Work instruction: Write all of the entries out again exactly, but not the images.

Exercise input:
::::

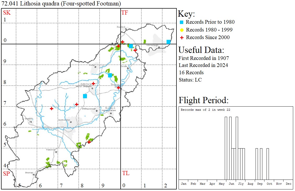 Observations: Occurs sporadically in VC32 and assumed to be a migrant, with very few repeat site records. Usually males recorded to light. The tally for Northants appears to be comparable with other midland counties.
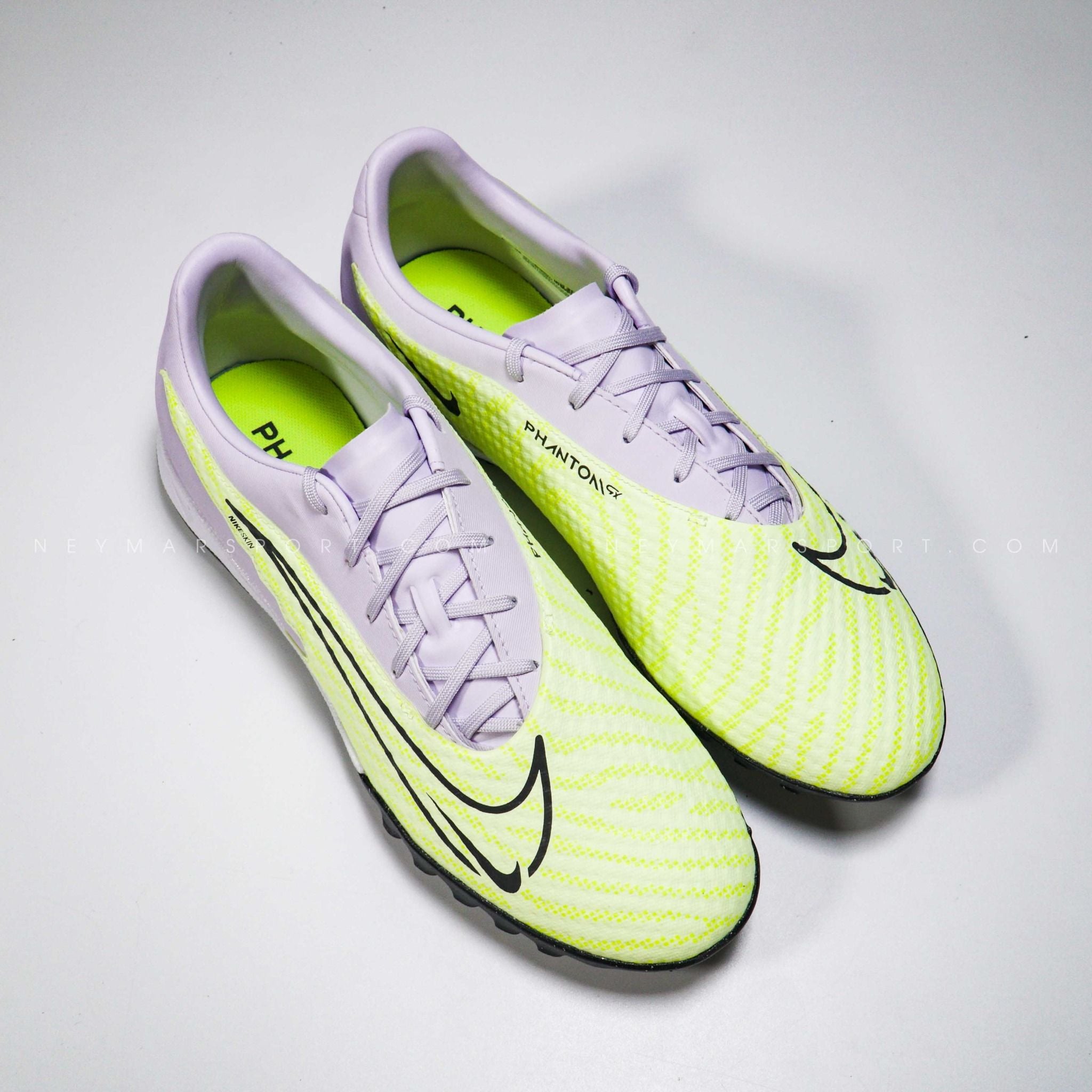 Nike Phantom GX Academy TF Luminous - Barely Volt/Gridiron/Barely Grape là mẫu giày phổ thông dành cho mặt sân cỏ nhân tạo 5-7 người. Về ngoại hình Nike Phantom GX cho chúng ta cảm giác khá giống Hypervenom II, với thiết kế lưỡi gà chéo, tuy nhiên ở lần ra mắt này thì chắc chắc Nike Phantom GX sẽ mang trong mình nhiều công nghệ hơn, và khắc phục những hạn chế của phiên bản tiền nhiệm.
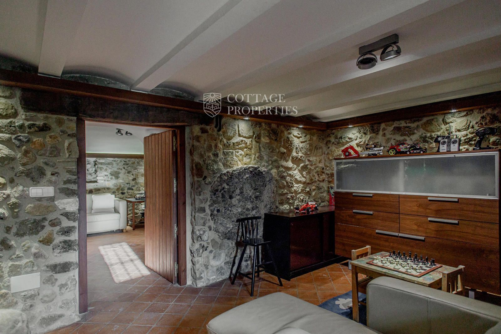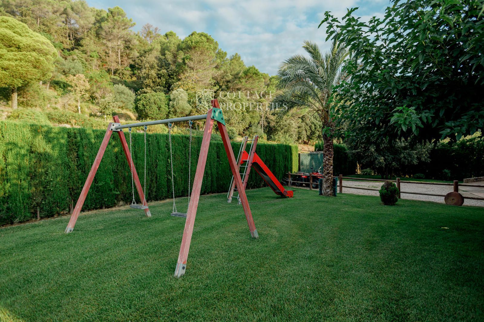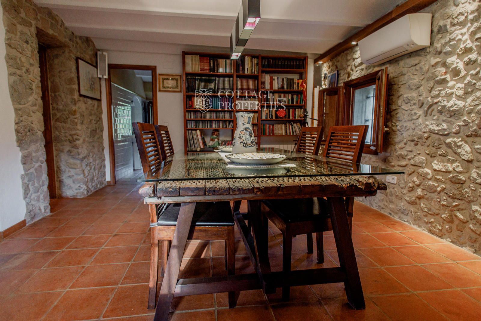 La masia compta amb: un acollidor rebedor, ampli saló-menjador amb accés a la terrassa principal, cuina moderna que s'estén cap al jardí posterior, quatre dormitoris, incloent una suite principal amb bany privat, a la planta baixa, una sala d'estiu amb cuina addicional i un ampli espai que actualment serveix com a garatge per a motos i maquinària.
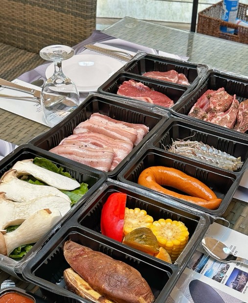저희는 쉘터에 도착한 후 얼마 지나지 않아, 직원분이 BBQ 박스를 쉘터 앞으로 가져다주셨습니다. 이 박스에는 다양한 고기와 해산물, 채소 등 바베큐에 필요한 모든 재료들이 담겨있습니다.
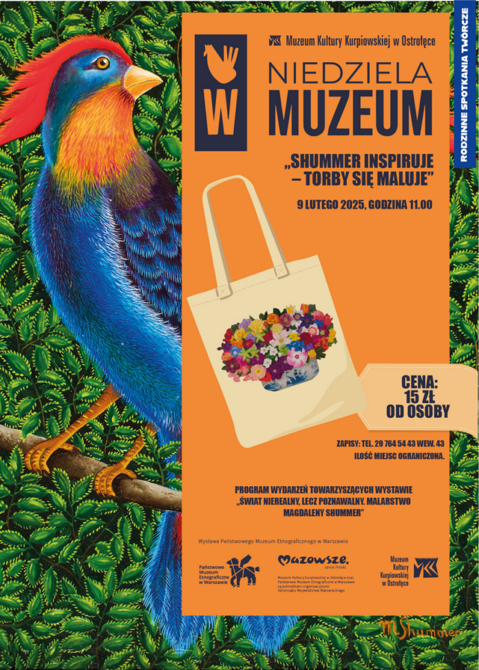Dzięki specjalnym farbom i pędzlom każdy uczestnik zaprojektuje swój własny, oryginalny gadżet, który będzie nie tylko modny, ale również praktyczny w codziennym użytkowaniu. Inspiracją do twórczych działań stanie się barwna i pełna ekspresji wystawa 'Świat nierealny, lecz poznawalny. Malarstwo Magdaleny Shummer”, prezentowana w Muzeum Kultury Kurpiowskiej w Ostrołęce.

::::

Answer for the task:
 Observations: Occurs sporadically in VC32 and assumed to be a migrant, with very few repeat site records. Usually males recorded to light. The tally for Northants appears to be comparable with other midland counties.
 Nike Phantom GX Academy TF Luminous - Barely Volt/Gridiron/Barely Grape là mẫu giày phổ thông dành cho mặt sân cỏ nhân tạo 5-7 người. Về ngoại hình Nike Phantom GX cho chúng ta cảm giác khá giống Hypervenom II, với thiết kế lưỡi gà chéo, tuy nhiên ở lần ra mắt này thì chắc chắc Nike Phantom GX sẽ mang trong mình nhiều công nghệ hơn, và khắc phục những hạn chế của phiên bản tiền nhiệm.
 La masia compta amb: un acollidor rebedor, ampli saló-menjador amb accés a la terrassa principal, cuina moderna que s'estén cap al jardí posterior, quatre dormitoris, incloent una suite principal amb bany privat, a la planta baixa, una sala d'estiu amb cuina addicional i un ampli espai que actualment serveix com a garatge per a motos i maquinària.
저희는 쉘터에 도착한 후 얼마 지나지 않아, 직원분이 BBQ 박스를 쉘터 앞으로 가져다주셨습니다. 이 박스에는 다양한 고기와 해산물, 채소 등 바베큐에 필요한 모든 재료들이 담겨있습니다.
Dzięki specjalnym farbom i pędzlom każdy uczestnik zaprojektuje swój własny, oryginalny gadżet, który będzie nie tylko modny, ale również praktyczny w codziennym użytkowaniu. Inspiracją do twórczych działań stanie się barwna i pełna ekspresji wystawa 'Świat nierealny, lecz poznawalny. Malarstwo Magdaleny Shummer”, prezentowana w Muzeum Kultury Kurpiowskiej w Ostrołęce.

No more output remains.